Грольер покачала головой.
— Когда Эдвин уезжал, его последними словами были: «Это становится невыносимым для меня...» Все газеты напечатали сообщение о происшествии на мосту. Я посчитала его погибшим и сказала всем окружающим, что он разбился на легкомоторном самолете за границей. Анни не удовлетворилась этим объяснением.
Навестив ее на квартире в Сан-Диего в тот последний день, Эдвин дал Анни денег, чтобы она купила кое-что из одежды. Он, очевидно, не заметил, как обрывок бланка «Драмдоу» с вашим именем и номером телефона выпал у него из бумажника. Она нашла его после того, как отец ушел, и оставила при себе. — Губы у Фрэнсис Грольер искривились, а голос задрожал. — Две недели назад Анни приезжала сюда, что называется, для выяснения отношений. Она позвонила по вашему номеру. Вы ответили: «Меган Коллинз», и она положила трубку. Затем ей захотелось увидеть свидетельство о смерти отца. Назвав меня лгуньей, она потребовала сказать, где находится отец. В конце концов, я рассказала ей правду и слезно просила не звонить вам или вашей матери. Она сшибла вылепленный мною бюст Эдвина и вылетела отсюда. Больше я не видела ее. — Грольер встала, положила руку на каминную доску и прижалась к ней лбом. — Я говорила со своим адвокатом вчера вечером. Завтра он поедет со мной в Нью-Йорк, чтобы опознать тело Анни и помочь перевезти его сюда. Мне очень жаль, что вы с матерью попадете в неловкое положение из-за этого.

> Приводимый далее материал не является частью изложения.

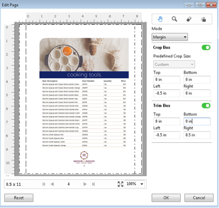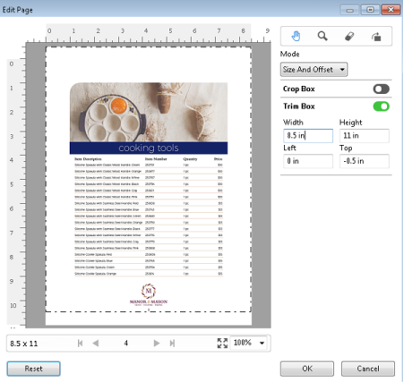 Select Margin or Size And Offset to make Crop Box and/or Trim Box adjustments.

У Меган оставался только один вопрос, который ей необходимо было задать.
— Зачем вы оставили то сообщение для отца позавчерашней ночью?
— Потому что я подумала: если он все-таки жив и если этот номер еще не снят, он, возможно, продолжает по привычке проверять свой автоответчик. Это был мой способ связи с ним на случай необходимости. Он обычно проверял свой автоответчик каждый раз рано утром. — Она вновь повернулась к Меган. — Не верьте никому, что Эдвин Коллинз способен убить кого-нибудь. Он не способен на такое, — Она помедлила. — Но он способен начать новую жизнь, в которой не будет вас и вашей матери. Или нас с Анни.
Фрэнсис Грольер опять отвернулась. Все было сказано. Меган бросила последний взгляд на бюст своего отца и вышла, тихо прикрыв за собой дверь.
49
В среду утром, как только Кайл сел в свой школьный автобус, Мак отправился в Трентон, чтобы посетить расположенный там госпиталь «Вэлли Мемориал».
За обедом накануне вечером, когда Кайл на минутку отлучился, Кэтрин торопливо рассказала им о звонке Меган.
— Мне стало известно лишь, что у этой женщины была длительная связь с Эдвином, что она считает его живым и что погибшая девушка, похожая на Меган, приходится ей дочерью.
— Вы, похоже, воспринимаете это спокойно, — заметил Филлип, — или все еще не можете примириться?
— Я больше не знаю, что я чувствую, — ответила Кэтрин, — и я очень переживаю за Меган. Вы же знаете, как она относилась к отцу. Я никогда еще не слышала столько боли в ее голосе, как вчера, когда она звонила мне из Аризоны. — Вернулся Кайл, и они перешли на другую тему.
Направляясь на юг по шоссе номер 684 через Уэстчестер, Мак пытался перестать думать о Меган. Она сходила с ума по Эдвину Коллинзу. Вот уж действительно папина дочка. Все эти месяцы после случившегося с отцом были настоящим кошмаром для нее. Сколько раз Маку хотелось сказать ей, чтобы она выговорилась и не держала свое горе в себе. Может быть, ему следовало действовать понастойчивей, чтобы пробиться сквозь ее замкнутость. О Боже, сколько времени он потерял, пестуя свое уязвленное самолюбие после ухода Джинджер.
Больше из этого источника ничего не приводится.